# Palazzo Catalani  ???



## ouaifer (Sep 8, 2010)

_We have a Studio unit reserved for May, 2011 at Palazzo Catalani.

So, we have a few questions.  

What additional charges/fees are required/collected by the resort?

What are the Studio units like?  Is there a separate area for the main bed, or is it all one living space?  Are the Sudio units available on different floors?  Can one request an upper floor prior to check in?

Will the front desk hold your luggage until check in if you arrive early in the morning?

Although we have seen suggestions of things to do, any updates from recent trips would be appreciated.  If you do have information, could you please contact us through PMs or e-mail, as we have additional questions, as well.

Thanks all.   :whoopie: _


----------



## Judith (Sep 20, 2010)

*Palazzo Catalani*

We have been to Palazzo Catalani twice and can highly recommend it.  It is a small resort at the top of quite a steep hill and is a restored historic building.

All the apartments are different as the building has been restored to strict guidelines as it is such a historic building.  Therefore, it would be good if you could contact the resort to see if a specific unit has been allocated to your exchange so that you can request details of its layout, position etc.  The nicest ones have views of the garden or village rooftops.
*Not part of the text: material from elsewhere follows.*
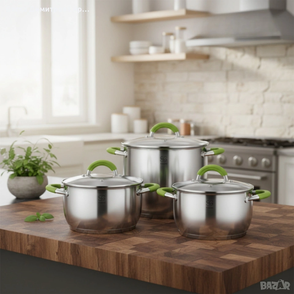 Комплект тенджери Swisgold Alana – 3 броя с капак от неръждаема стомана с 5-слойно капсулно дъно

Reception are very helpful so I'm sure that they would store your luggage if asked.  They have a small truck which they send down to bring your luggage up the hill if required.

Soriano is a very nice village with shops, cafes, restaurants, grocery stores etc.  The restaurant at the resort is good and don't miss the opera evening if it is on when you are there.  A super lady called Floriana is part of this operatic group and also arranges delightful outings around the area.

Mail me back if you wish with specific questions.

Best wishes

Judith


----------



## ValHam (Oct 27, 2010)

Last week I was at Palazzo- I was somewhat dissapointed- However - we took a 3 day side trip paying for extra hotels to Florence - Sure glad we did the Florence side trip- Every activity was cancelled at Palazzo- we could therefore not even experience the opera night. We had a studio - it is very modest - no real shower -lots of hills hotel restaurant overpriced- We rented a car and lots of towns to visit within 1-2 hours -However, anything really special like sienna or florence is at least 2 hurs- not worth it for a day. Siena is a nice clean town - However - it is just 1 of many hilltop town - I am glad I am in a hotel for a week in Rome  - a day trip would be a real hassle from Siena.


----------